Material supplied ->
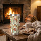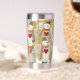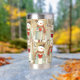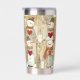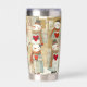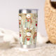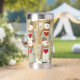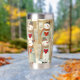 Insulated tumbler featuring a whimsical pattern with snowmen carrying warm red hearts. The pretty earth tones make this tumbler a welcome addition to your space. Also a nice gift for Valentine's Day!
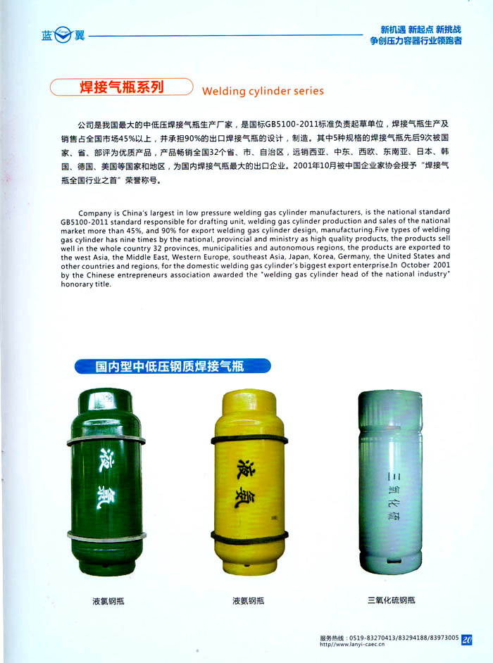 主要產(chǎn)品 中高壓航空滅火瓶、鋼質(zhì)焊接氣瓶、第三類低,中壓力容器、蒸壓釜、換熱器、民用核承壓設(shè)備、5至160立方米各類介質(zhì)貯罐、各種型號(hào)罐式集裝箱、生物工程設(shè)備、液化天然氣(LNG)車用氣瓶、液化天然氣(LNG)加氣站、乙炔工程設(shè)備、樹脂生產(chǎn)設(shè)備、核電工程設(shè)備、船舶專用設(shè)備等。
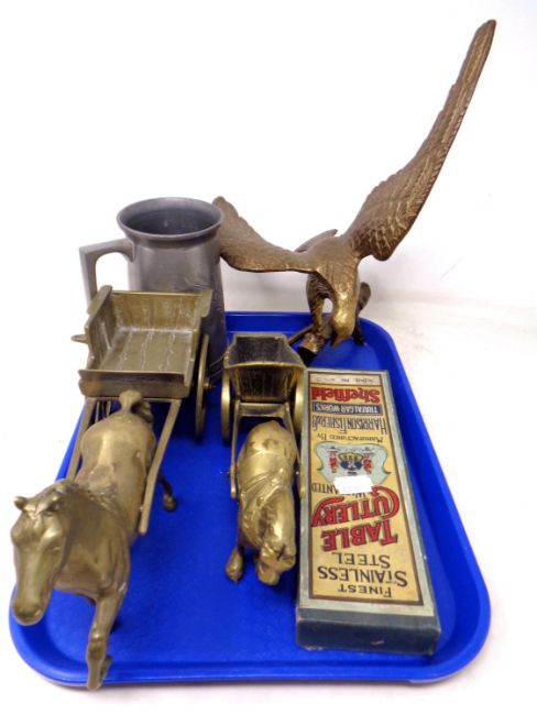 A tray of two brass horse and cart ornaments, pewter tankard, stainless steel butter knives etc.
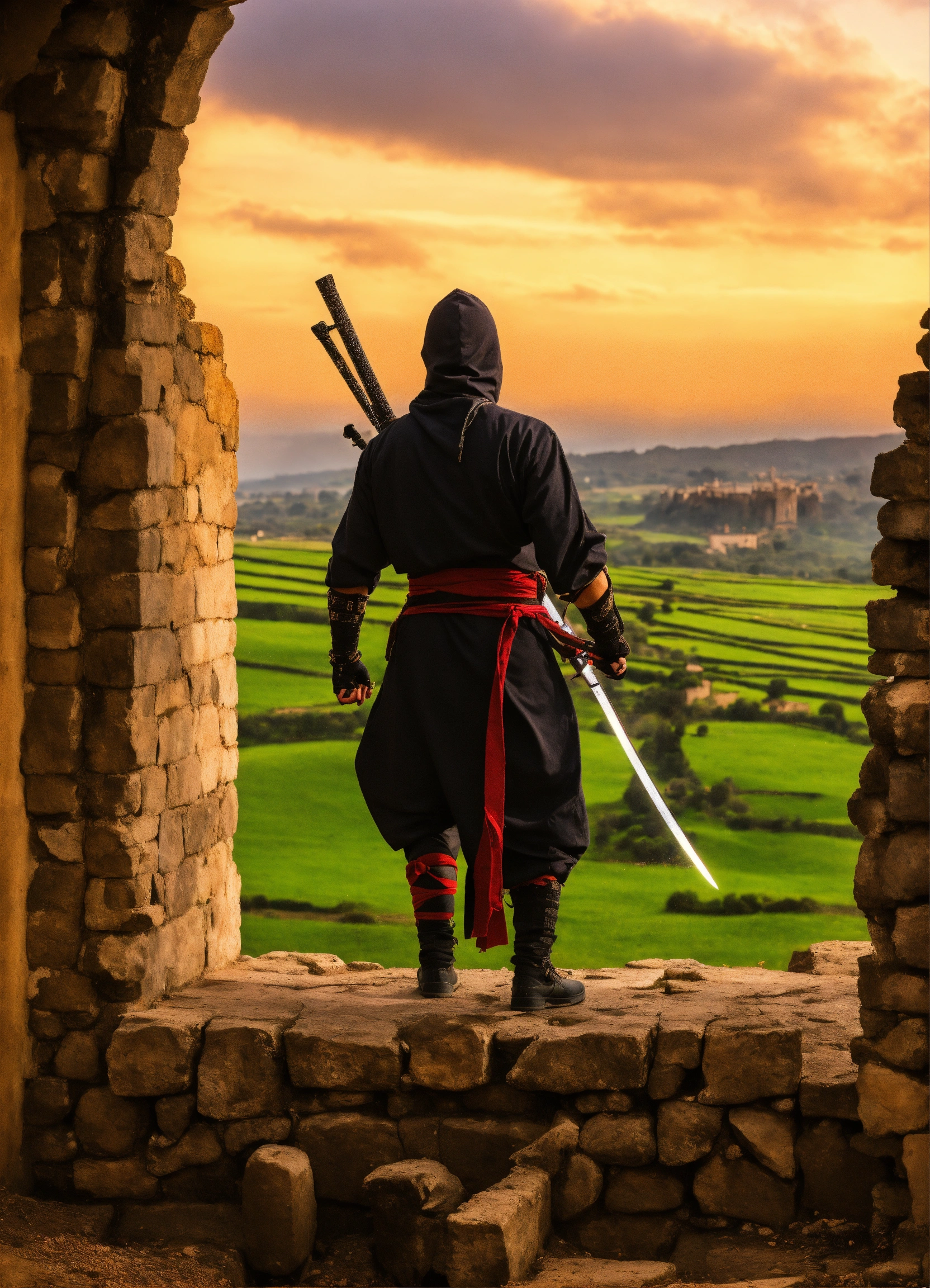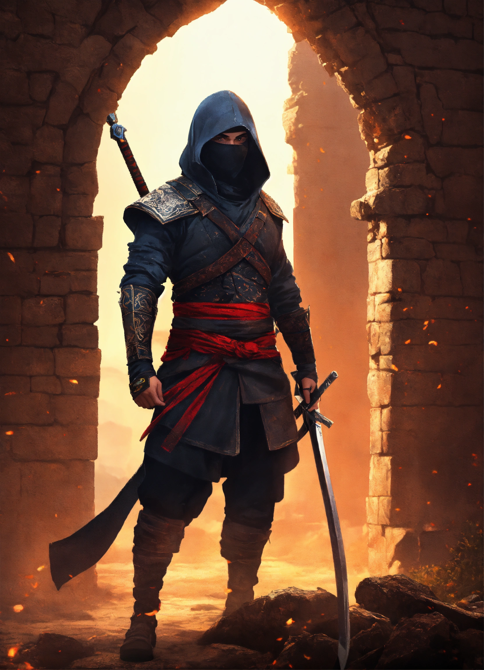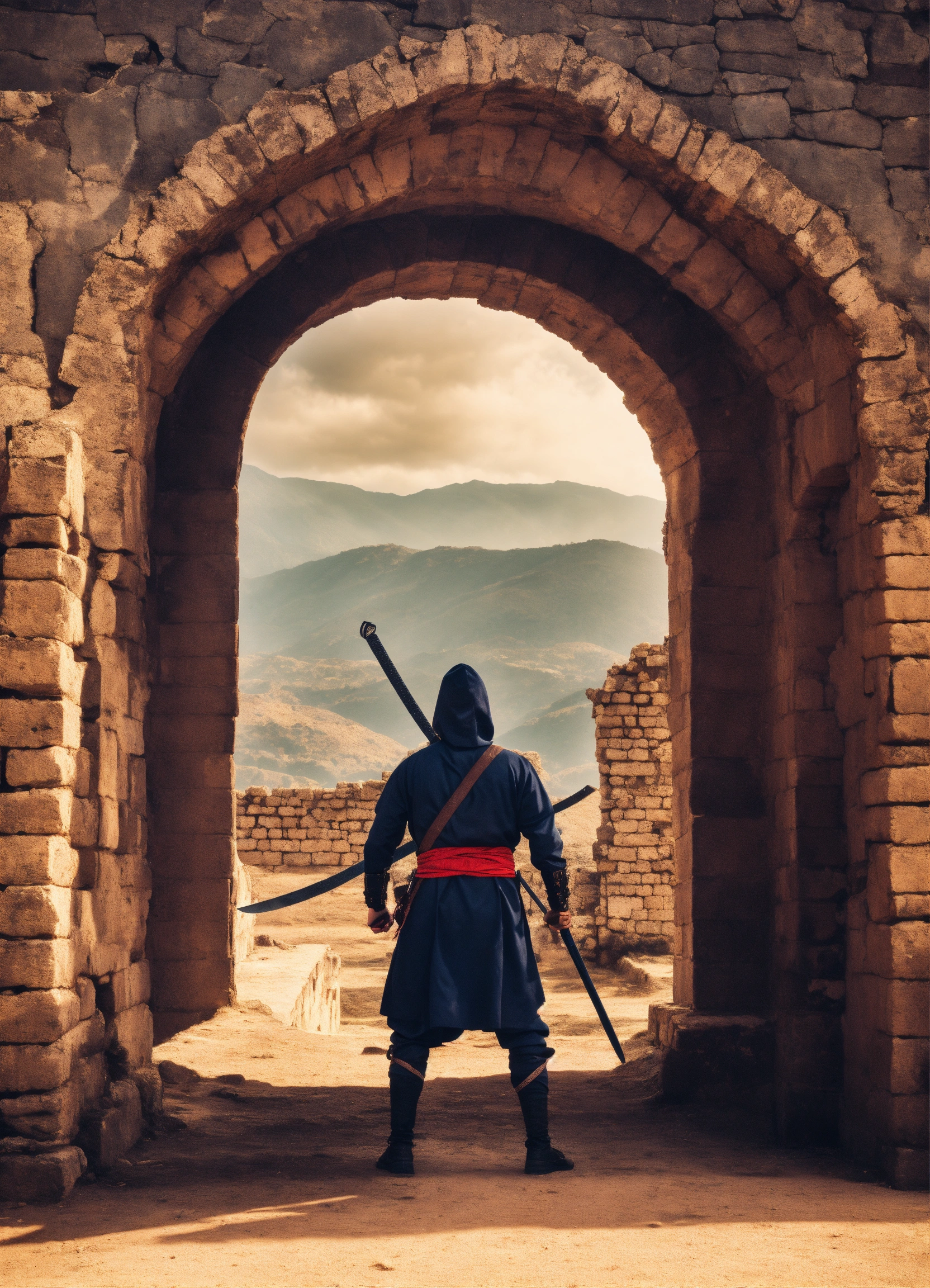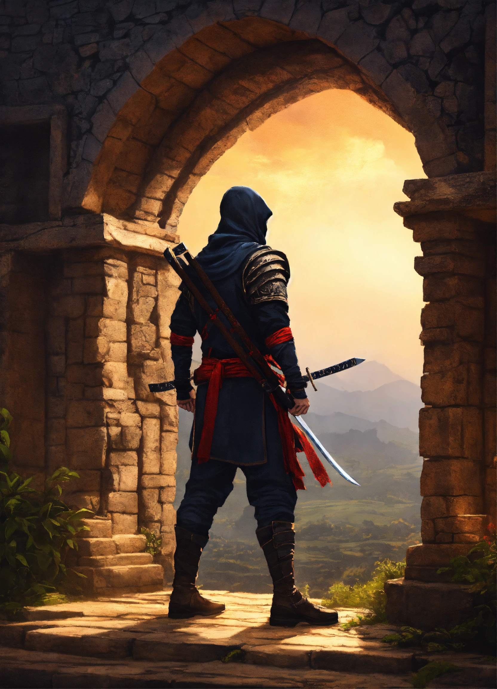 Ninja de espaldas con un gran arco y un fondo en ruinas
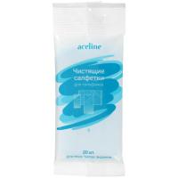 Салфетка Aceline для мобильных устройств поставляется в мягкой упаковке с защитным клапаном. В комплекте есть 20 салфеток размером 10х19 см, которые удобно извлекаются с помощью специальной прорези.
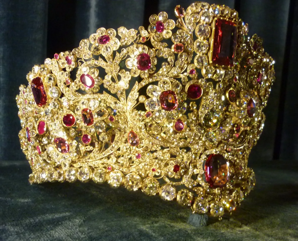 Since we’re hopping around Europe the time has come to visit Sweden. This tiara is interesting because unlike every other one in this article, it does not have a single gemstone in it. It is made of steel that has been strategically cut, polished, and set in gold. Thanks to this inventive design it does not lack the sparkle. The tiara is said to have been made for Empress Joséphine’s daughter, Hortense de Beauharnais. Beauharnais had no daughters, and it’s generally believed that she gave her steel jewelry to her niece, Joséphine of Leuchtenberg. When Joséphine of Leuchtenberg married the future King Oscar I of Sweden in 1823, the steel sparkler apparently traveled with her to her new home in Stockholm.
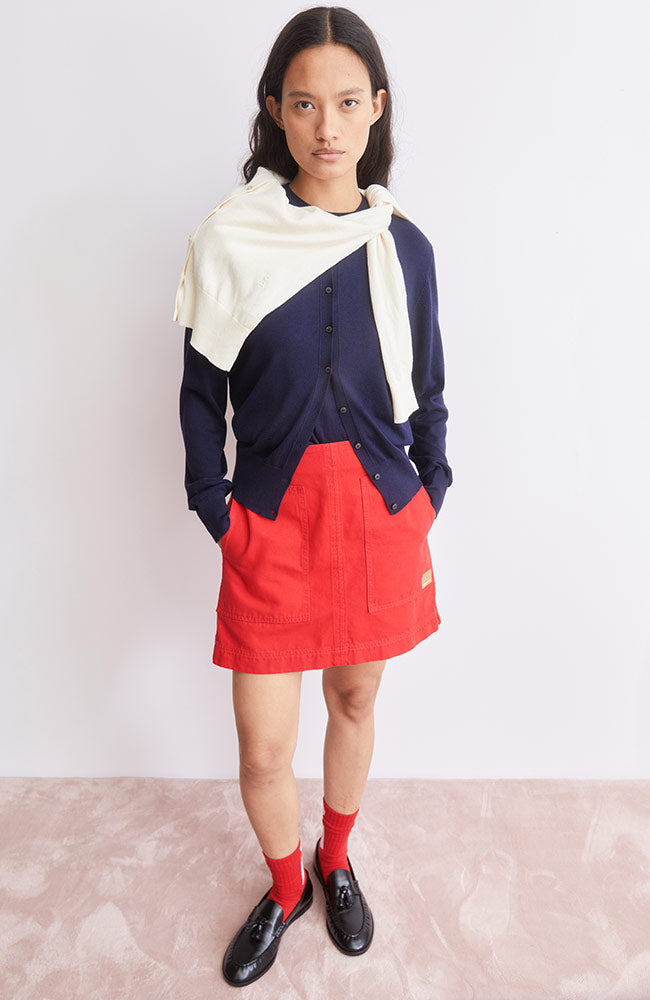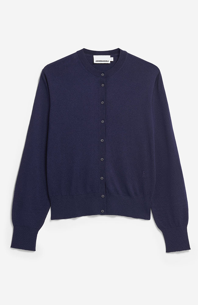 This cute dark blue cardigan from ARMEDANGELS can be mixed and matched endlessly and is a real must-have in your wardrobe. The finely knitted cardigan is made from a blend of cotton and lyocell TENCEL.

Task description -> What is needed is a verbatim copy of the entries, leaving out any pictures.

Response area ->
 Insulated tumbler featuring a whimsical pattern with snowmen carrying warm red hearts. The pretty earth tones make this tumbler a welcome addition to your space. Also a nice gift for Valentine's Day!
 主要產(chǎn)品 中高壓航空滅火瓶、鋼質(zhì)焊接氣瓶、第三類低,中壓力容器、蒸壓釜、換熱器、民用核承壓設(shè)備、5至160立方米各類介質(zhì)貯罐、各種型號(hào)罐式集裝箱、生物工程設(shè)備、液化天然氣(LNG)車用氣瓶、液化天然氣(LNG)加氣站、乙炔工程設(shè)備、樹脂生產(chǎn)設(shè)備、核電工程設(shè)備、船舶專用設(shè)備等。
 A tray of two brass horse and cart ornaments, pewter tankard, stainless steel butter knives etc.
 Ninja de espaldas con un gran arco y un fondo en ruinas
 Салфетка Aceline для мобильных устройств поставляется в мягкой упаковке с защитным клапаном. В комплекте есть 20 салфеток размером 10х19 см, которые удобно извлекаются с помощью специальной прорези.
 Since we’re hopping around Europe the time has come to visit Sweden. This tiara is interesting because unlike every other one in this article, it does not have a single gemstone in it. It is made of steel that has been strategically cut, polished, and set in gold. Thanks to this inventive design it does not lack the sparkle. The tiara is said to have been made for Empress Joséphine’s daughter, Hortense de Beauharnais. Beauharnais had no daughters, and it’s generally believed that she gave her steel jewelry to her niece, Joséphine of Leuchtenberg. When Joséphine of Leuchtenberg married the future King Oscar I of Sweden in 1823, the steel sparkler apparently traveled with her to her new home in Stockholm.
 This cute dark blue cardigan from ARMEDANGELS can be mixed and matched endlessly and is a real must-have in your wardrobe. The finely knitted cardigan is made from a blend of cotton and lyocell TENCEL.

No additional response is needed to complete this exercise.